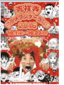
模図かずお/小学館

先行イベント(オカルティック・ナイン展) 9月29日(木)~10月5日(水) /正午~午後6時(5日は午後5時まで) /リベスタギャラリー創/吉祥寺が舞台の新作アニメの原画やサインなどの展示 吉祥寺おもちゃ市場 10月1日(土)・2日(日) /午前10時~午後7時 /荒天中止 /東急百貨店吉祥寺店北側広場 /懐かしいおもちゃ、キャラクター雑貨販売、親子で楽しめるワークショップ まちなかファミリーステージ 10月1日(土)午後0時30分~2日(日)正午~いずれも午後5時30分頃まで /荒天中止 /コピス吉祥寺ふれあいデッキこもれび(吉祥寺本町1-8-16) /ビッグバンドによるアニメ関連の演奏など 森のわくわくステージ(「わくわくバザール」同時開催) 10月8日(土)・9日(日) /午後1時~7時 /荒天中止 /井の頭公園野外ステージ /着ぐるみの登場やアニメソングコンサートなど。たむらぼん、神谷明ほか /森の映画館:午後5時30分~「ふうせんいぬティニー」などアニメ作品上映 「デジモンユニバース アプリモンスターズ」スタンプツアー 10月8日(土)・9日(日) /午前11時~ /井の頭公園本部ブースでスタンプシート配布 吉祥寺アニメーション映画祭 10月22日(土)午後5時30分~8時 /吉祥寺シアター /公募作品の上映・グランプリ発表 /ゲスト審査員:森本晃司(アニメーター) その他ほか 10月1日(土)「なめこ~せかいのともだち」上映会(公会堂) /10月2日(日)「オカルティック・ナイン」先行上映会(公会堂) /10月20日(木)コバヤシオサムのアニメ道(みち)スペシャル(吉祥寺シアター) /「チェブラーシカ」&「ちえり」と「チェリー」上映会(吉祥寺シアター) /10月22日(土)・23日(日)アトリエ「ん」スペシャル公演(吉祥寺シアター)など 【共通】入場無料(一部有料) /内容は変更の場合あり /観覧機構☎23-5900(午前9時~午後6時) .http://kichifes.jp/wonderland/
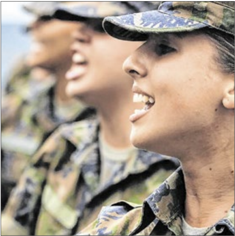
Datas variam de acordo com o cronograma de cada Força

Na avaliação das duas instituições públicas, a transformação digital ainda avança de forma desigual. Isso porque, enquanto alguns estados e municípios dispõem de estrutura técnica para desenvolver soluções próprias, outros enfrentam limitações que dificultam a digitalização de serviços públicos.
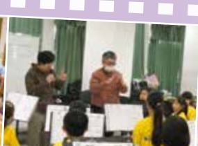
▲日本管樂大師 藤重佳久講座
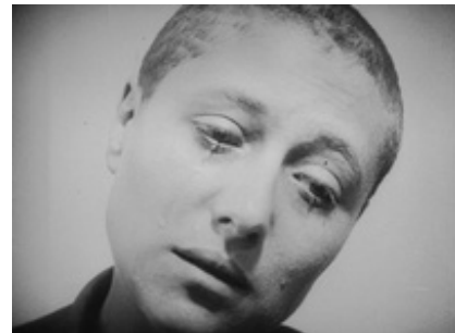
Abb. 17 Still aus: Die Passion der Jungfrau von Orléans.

...

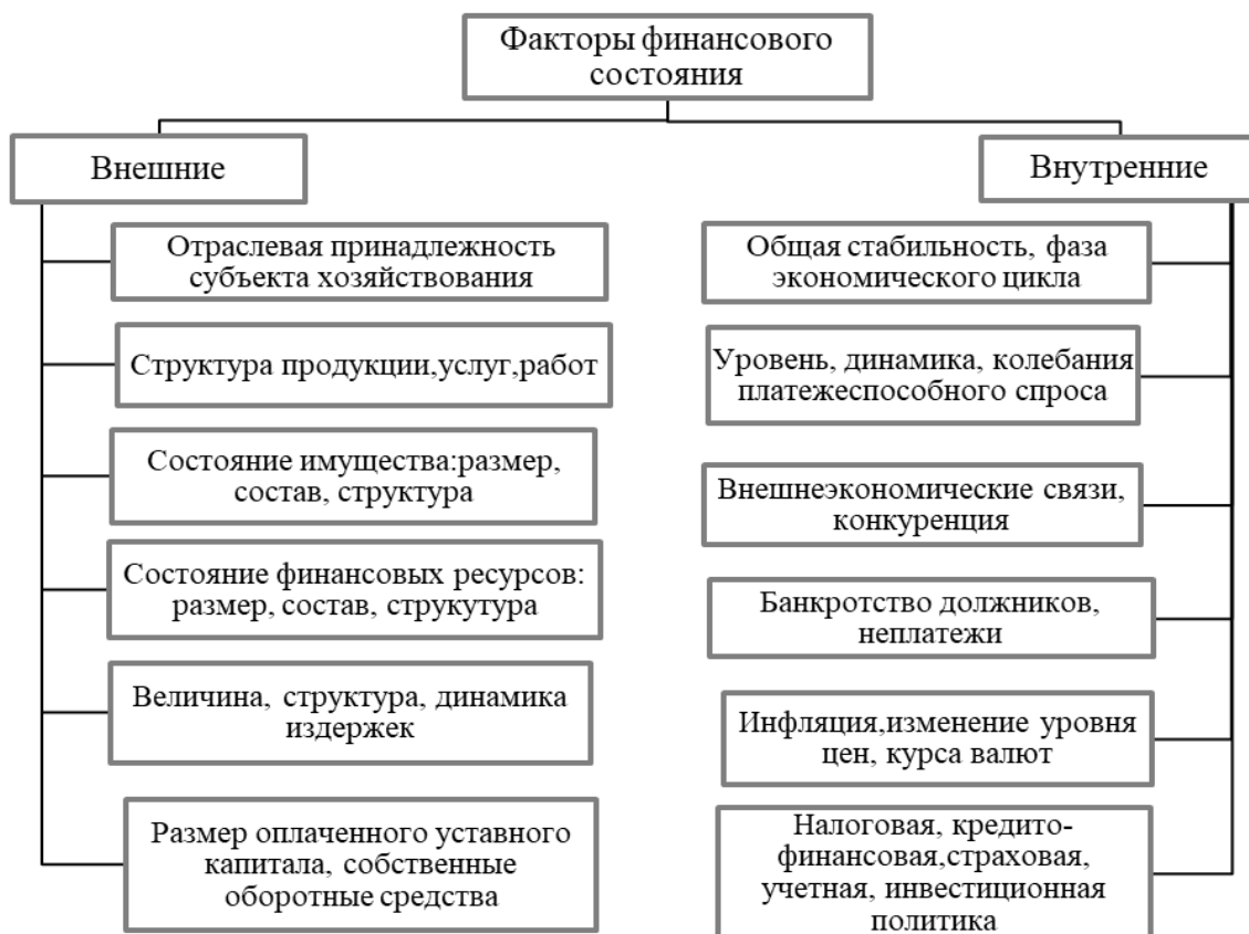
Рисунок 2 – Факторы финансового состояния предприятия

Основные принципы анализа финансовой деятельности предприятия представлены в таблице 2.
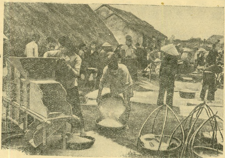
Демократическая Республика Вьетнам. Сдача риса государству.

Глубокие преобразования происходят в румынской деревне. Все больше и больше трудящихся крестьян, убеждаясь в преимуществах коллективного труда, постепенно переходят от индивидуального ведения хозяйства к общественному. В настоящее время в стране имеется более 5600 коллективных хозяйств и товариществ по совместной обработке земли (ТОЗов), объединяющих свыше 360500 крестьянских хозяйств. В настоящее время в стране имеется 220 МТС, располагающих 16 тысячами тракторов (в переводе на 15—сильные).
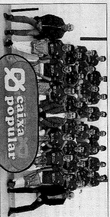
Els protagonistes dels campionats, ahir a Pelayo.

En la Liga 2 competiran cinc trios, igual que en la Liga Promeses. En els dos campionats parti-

* * *

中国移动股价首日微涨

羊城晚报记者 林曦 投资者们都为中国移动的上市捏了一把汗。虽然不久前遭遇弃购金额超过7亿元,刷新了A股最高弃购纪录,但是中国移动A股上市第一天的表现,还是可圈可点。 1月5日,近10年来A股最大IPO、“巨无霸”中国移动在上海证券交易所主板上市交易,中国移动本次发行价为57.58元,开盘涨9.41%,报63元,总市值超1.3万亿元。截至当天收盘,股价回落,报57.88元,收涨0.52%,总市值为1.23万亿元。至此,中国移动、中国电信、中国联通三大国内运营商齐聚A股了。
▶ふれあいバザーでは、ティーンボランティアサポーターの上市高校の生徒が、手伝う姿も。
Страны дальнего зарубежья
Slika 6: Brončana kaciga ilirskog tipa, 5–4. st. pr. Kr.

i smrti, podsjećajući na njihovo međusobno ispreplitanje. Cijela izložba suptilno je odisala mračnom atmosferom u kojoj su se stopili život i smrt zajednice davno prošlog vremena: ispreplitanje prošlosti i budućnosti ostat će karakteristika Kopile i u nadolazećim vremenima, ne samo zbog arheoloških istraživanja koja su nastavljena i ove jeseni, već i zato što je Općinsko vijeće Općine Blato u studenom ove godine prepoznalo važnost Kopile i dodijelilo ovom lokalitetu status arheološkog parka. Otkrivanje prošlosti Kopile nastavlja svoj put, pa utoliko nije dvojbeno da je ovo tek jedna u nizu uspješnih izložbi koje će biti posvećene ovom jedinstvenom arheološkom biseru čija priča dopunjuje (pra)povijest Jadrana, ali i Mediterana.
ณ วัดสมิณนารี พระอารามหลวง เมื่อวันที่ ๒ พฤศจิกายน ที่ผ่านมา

WORK TO BE COMPLETED: Line count for "предприятия": determine it from the data and answer with the number by itself.

SOLUTION: 2